-- What is required --
Make an exact transcript of the lines in the data below, starting with the one containing "繊細なボタニカル柄のロンパー" and going on through the one containing "0121U109413 - виконавець.", with both included and the pictures left out.

-- Source data --
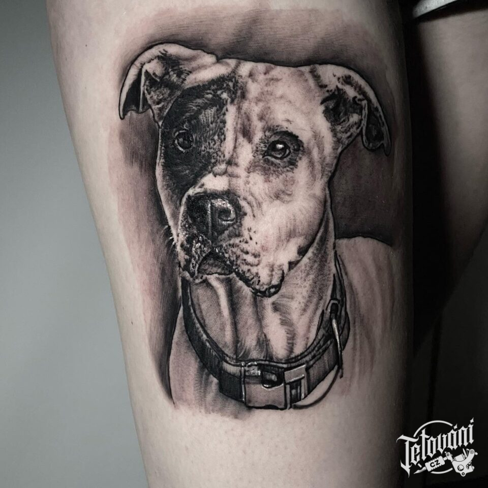 Tetování zvíře, pes na stehně
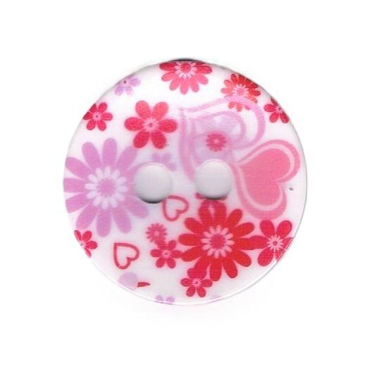 Bouton décoratif 45mm blanc avec fleurs rose, 2-trous
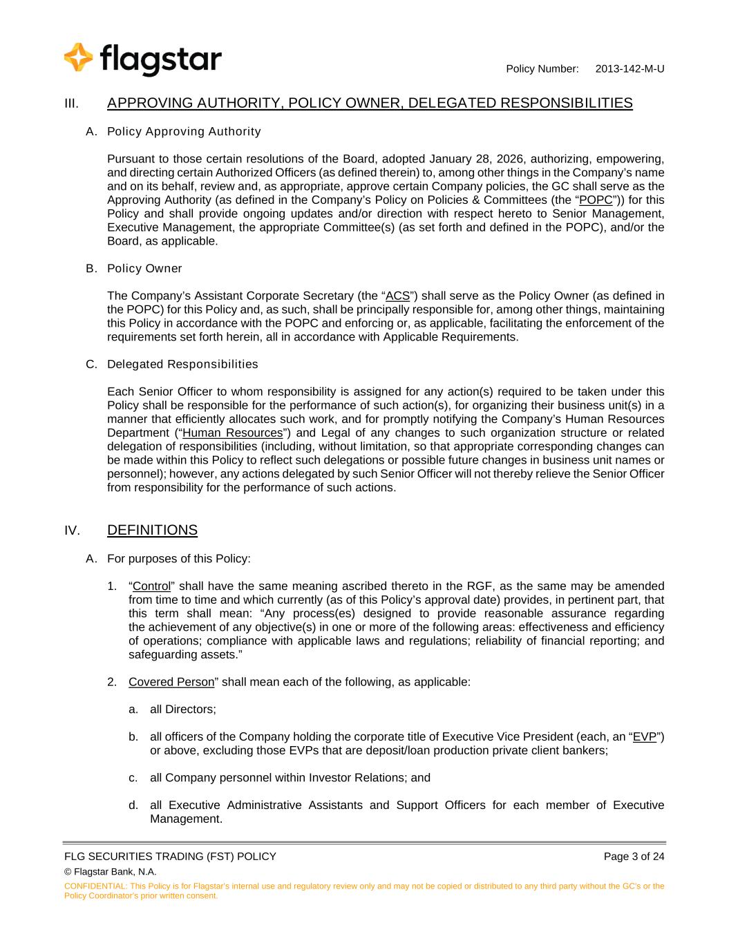 Policy Number: 2013-142-M-U FLG SECURITIES TRADING (FST) POLICY Page 3 of 24 © Flagstar Bank, N.A. CONFIDENTIAL: This Policy is for Flagstar’s internal use and regulatory review only and may not be copied or distributed to any third party without the GC's or the Policy Coordinator’s prior written consent. III. APPROVING AUTHORITY, POLICY OWNER, DELEGATED RESPONSIBILITIES A. Policy Approving Authority Pursuant to those certain resolutions of the Board, adopted January 28, 2026, authorizing, empowering, and directing certain Authorized Officers (as defined therein) to, among other things in the Company’s name and on its behalf, review and, as appropriate, approve certain Company policies, the GC shall serve as the Approving Authority (as defined in the Company’s Policy on Policies & Committees (the “POPC”)) for this Policy and shall provide ongoing updates and/or direction with respect hereto to Senior Management, Executive Management, the appropriate Committee(s) (as set forth and defined in the POPC), and/or the Board, as applicable. B. Policy Owner The Company’s Assistant Corporate Secretary (the “ACS”) shall serve as the Policy Owner (as defined in the POPC) for this Policy and, as such, shall be principally responsible for, among other things, maintaining this Policy in accordance with the POPC and enforcing or, as applicable, facilitating the enforcement of the requirements set forth herein, all in accordance with Applicable Requirements. C. Delegated Responsibilities Each Senior Officer to whom responsibility is assigned for any action(s) required to be taken under this Policy shall be responsible for the performance of such action(s), for organizing their business unit(s) in a manner that efficiently allocates such work, and for promptly notifying the Company’s Human Resources Department (“Human Resources”) and Legal of any changes to such organization structure or related delegation of responsibilities (including, without limitation, so that appropriate corresponding changes can be made within this Policy to reflect such delegations or possible future changes in business unit names or personnel); however, any actions delegated by such Senior Officer will not thereby relieve the Senior Officer from responsibility for the performance of such actions. IV. DEFINITIONS A. For purposes of this Policy: 1. “Control” shall have the same meaning ascribed thereto in the RGF, as the same may be amended from time to time and which currently (as of this Policy’s approval date) provides, in pertinent part, that this term shall mean: “Any process(es) designed to provide reasonable assurance regarding the achievement of any objective(s) in one or more of the following areas: effectiveness and efficiency of operations; compliance with applicable laws and regulations; reliability of financial reporting; and safeguarding assets.” 2. Covered Person” shall mean each of the following, as applicable: a. all Directors; b. all officers of the Company holding the corporate title of Executive Vice President (each, an “EVP”) or above, excluding those EVPs that are deposit/loan production private client bankers; c. all Company personnel within Investor Relations; and d. all Executive Administrative Assistants and Support Officers for each member of Executive Management.
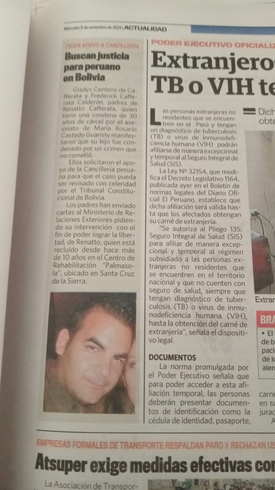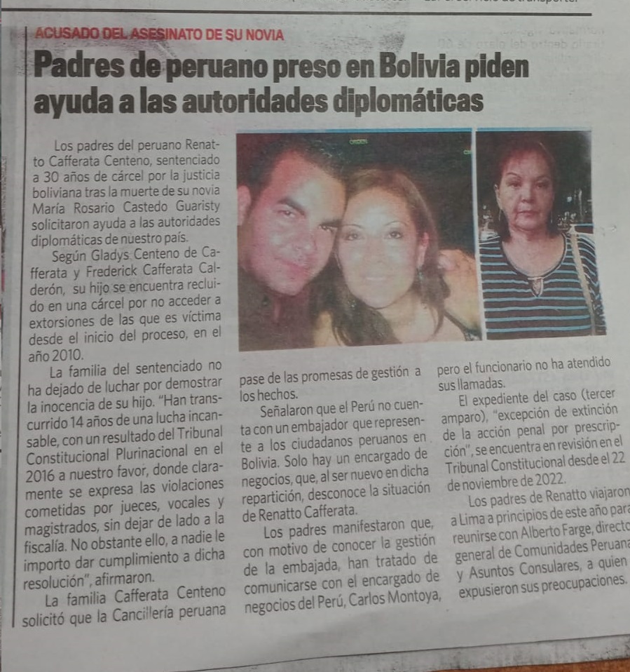 CONSULADO GENERAL DEL PERÚ EN SCZ HACE SEGUIMIENTO DEL CASO...SIN NINGUN RESULTADO
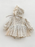 繊細なボタニカル柄のロンパースドレスとボンネットがセットになっており、簡単に統一感のある撮影が可能です。
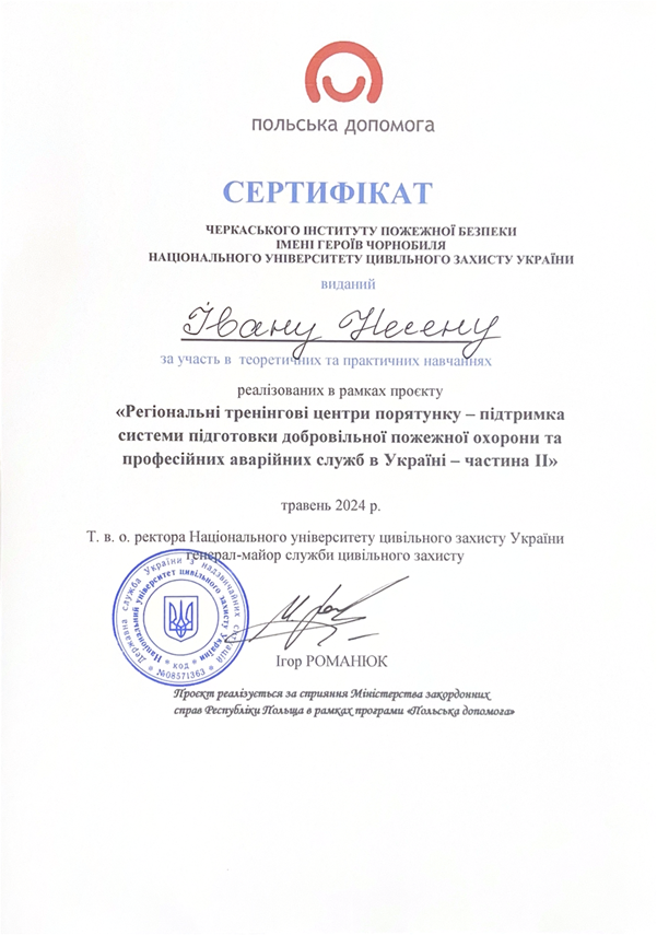 «Дослідження можливості попередження поширення пожеж на торфовищах шляхом обробки поверхонь носіями, що просочені вогнегасними солями» державна реєстрація № 0121U109413 - виконавець.
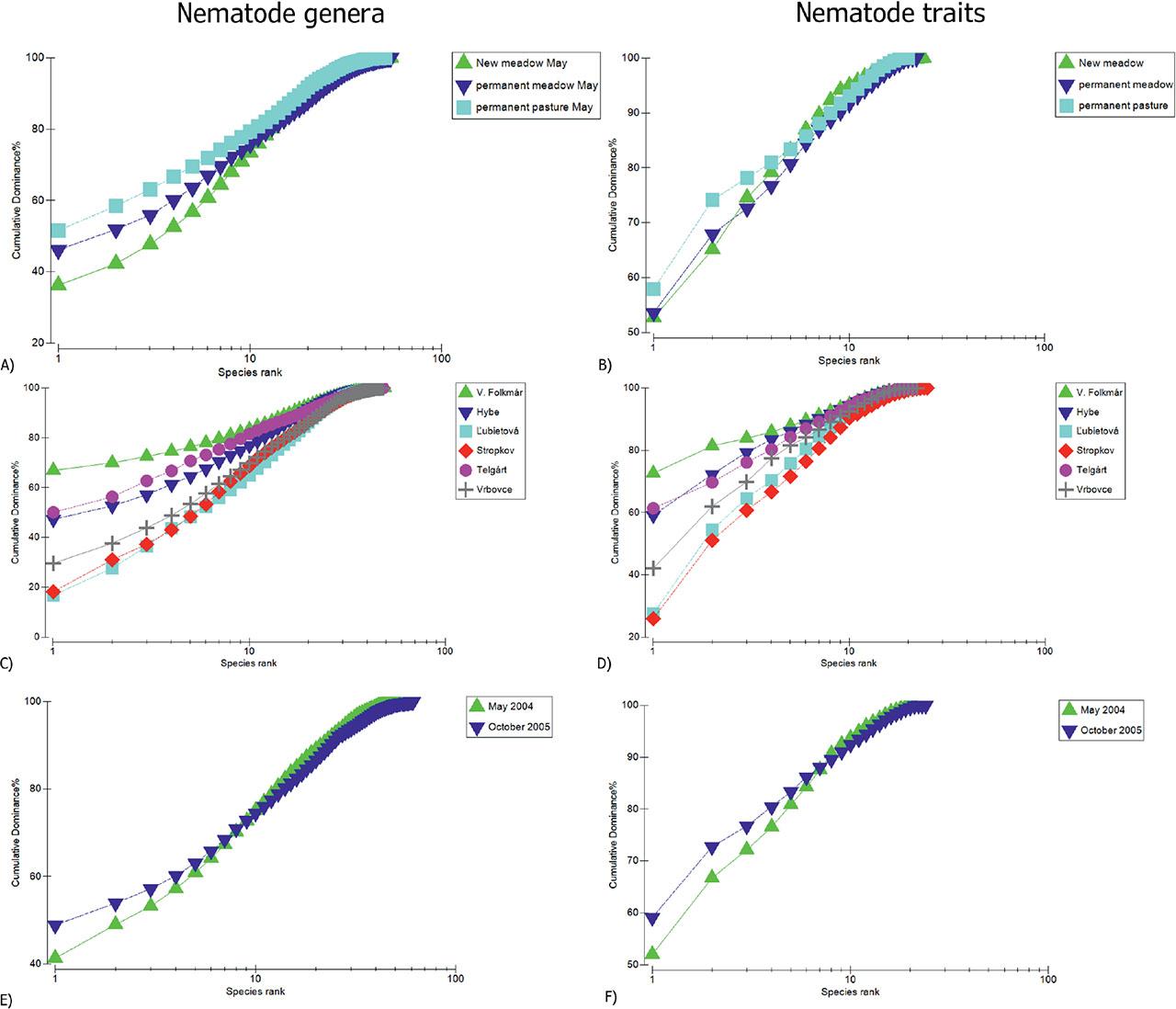k-dominance curves carried out on both nematode genera and trait codes from grassland types of various regions of the Slovak Republic. Factors analyzed: A, B) type of grassland: NM (established during last 3 years), PM (covered with indigenous multispecies vegetation irregularly mown) and PP (with indigenous vegetation regularly grazed); C, D) localities placed around Slovakia (i.e. Ľubietová, Stropkov, Telgárt, Vrbovce and Veľký Folkmár); E, F) period (May 2004 and October 2005).
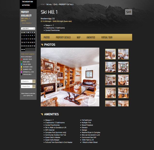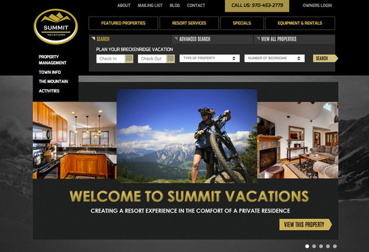 The Summit Vacations redesign focused on giving users an easier method for searching rentals. A large, rotating feature area on the homepage shows off the pristine beauty of the Breckenridge slopes, while a scrolling list of select properties below the fold gives visitors a quick glance into some of the best rental properties in Colorado.
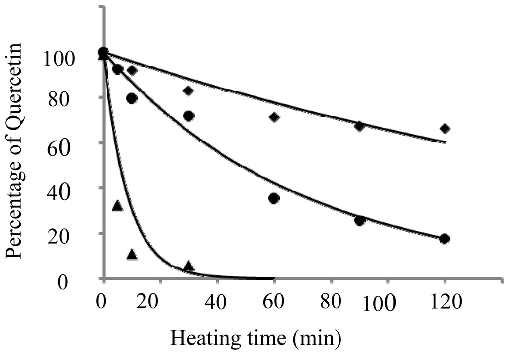 - Chien, JT; Hsu, DJ; Chen, BH. Kinetic model for studying the effect of quercetin on cholesterol oxidation during heating. J. Agric. Food Chem 2006, 54, 1486–1492. [Google Scholar]

-- Your response --
 繊細なボタニカル柄のロンパースドレスとボンネットがセットになっており、簡単に統一感のある撮影が可能です。
 «Дослідження можливості попередження поширення пожеж на торфовищах шляхом обробки поверхонь носіями, що просочені вогнегасними солями» державна реєстрація № 0121U109413 - виконавець.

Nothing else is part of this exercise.